The Reserve Bank of Malawi (RBM) has finished drafting a new Bill on foreign exchange to conform to new ways of managing forex.
RBM General Counsel and Bank Secretary Samuel Malitoni have confirmed of the issue.
Currently, the country has the Exchange Control Act of 1989 and the RBM is repealing it and replacing it with a new act called Foreign Exchange Act, which according to Malitoni, would not just control forex but stipulate how to manage foreign reserves.
“The world now is managing foreign exchange so the Foreign Exchange Act will emphasize on the management of our foreign reserves. Of late our the reserves have been growing; we’re consistently above three months of import cover as such what is important is that instead of controlling forex we should be managing the reserves,” said Malitoni.
Furthermore, the Bill would also introduce stiffer penalties for offenders, whom according to Maltoni, currently take advantage of light punishments in the old law.
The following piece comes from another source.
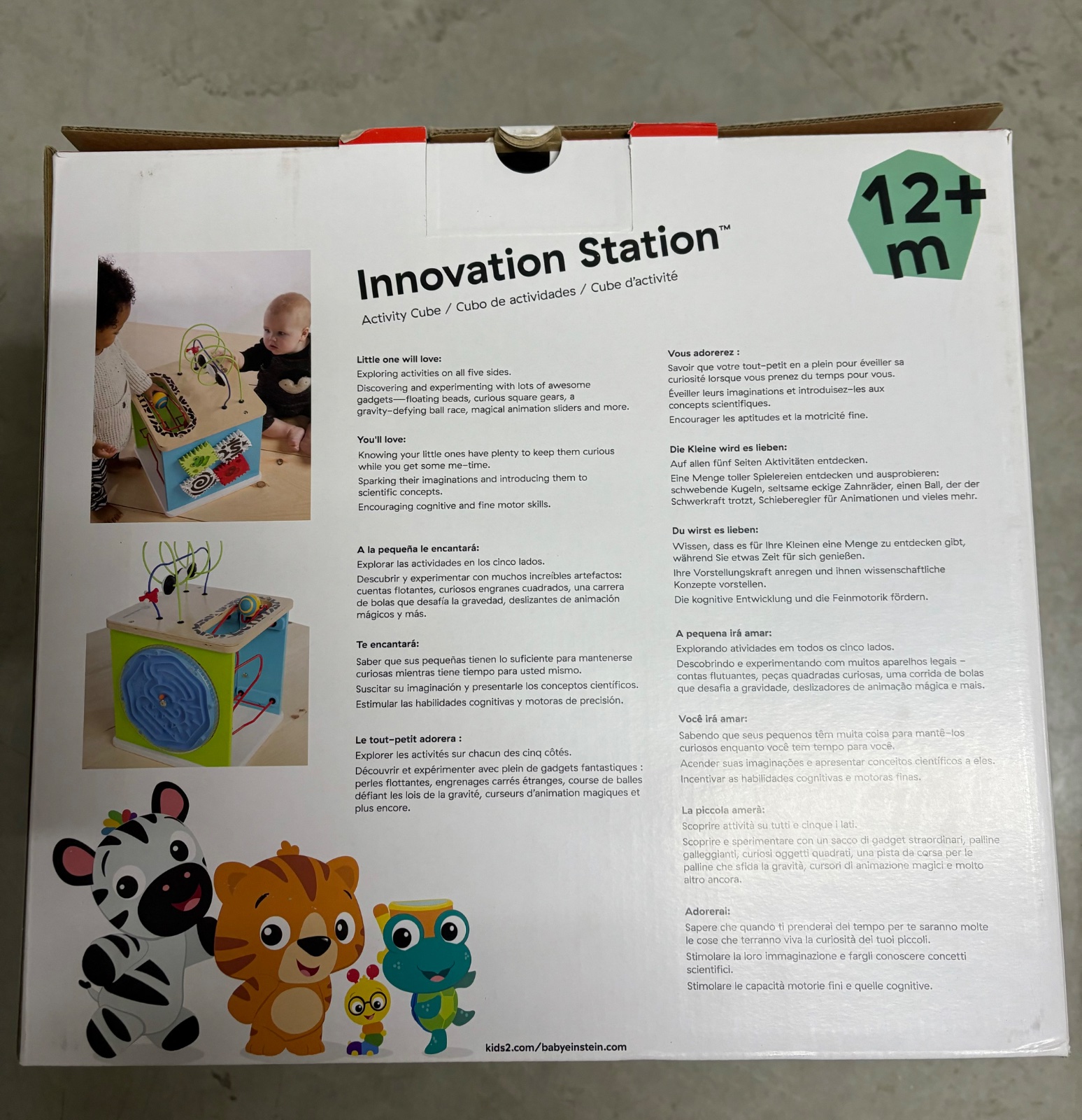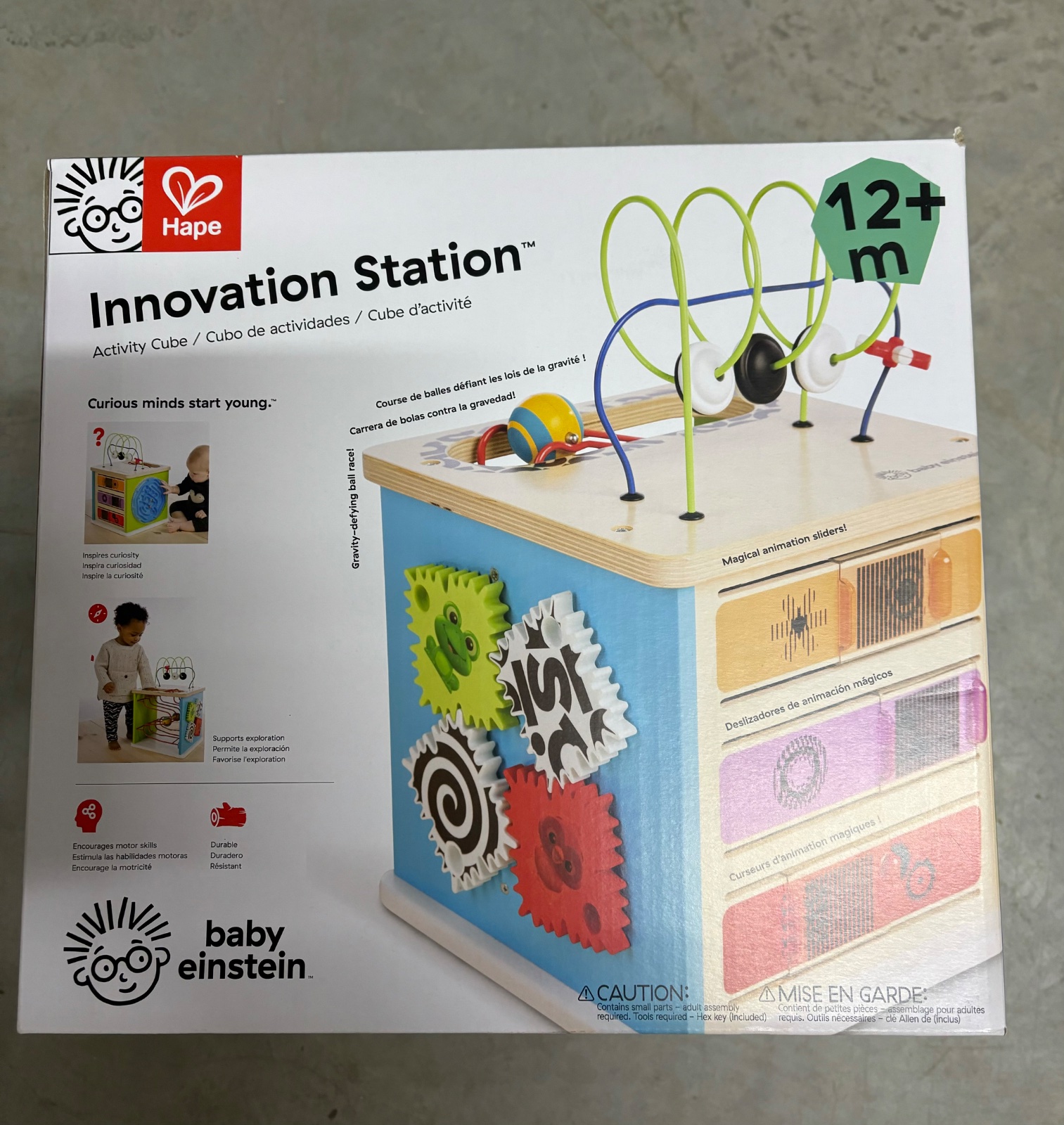 Na vášho malého vedca čaká päť strán zábavy. Sledujte, ako je dieťatko očarené rôznymi vecami, ktoré môže chytiť, točiť, krútiť a aktivovať. Pomôcky ako plávajúce korálky a kuriózne hranaté ozubené kolieska prinútia vaše dieťa, aby sa vracalo k hre s touto vývojovou hračkou. Nie je to len tak hocijaká stará kocka na aktivity, Hape a Baby Einstein sa spojili, aby do drevenej inovačnej stanice pridali žiarivé farby a magické prvky. Vstúpte do sveta plného vzrušujúcich vedeckých konceptov, s ktorými sa môže hrať viacero detí naraz. Budú zvedaví a dychtiví zistiť, čo sa stane, keď stlačia a potiahnu posúvače animácie alebo otočia ozubené kolieska s tučným vzorom. Vďaka guľôčkovým pretekom, ktoré odolávajú gravitácii a mnohým ďalším, objav nikdy nekončí s touto hračkou pre batoľatá!

According to the RBM General Counsel and Bank Secretary, the Bill was now at cabinet level, particularly at the Ministry of Justice and Constitutional Affairs, to be fine-tuned before it is submitted to Parliament.
“We hope that within this year it will be passed in Parliament and start operating,” said the RBM General Counsel and Bank Secretary.
The country’s forex reserves currently stand at US$1 billion, according to the RBM.
President Peter Mutharika called for the review of the Act to end the loss of forex due to externalization.
He noted the legislation was too old and had to be reviewed as a way of controlling illegal foreign exchange externalization.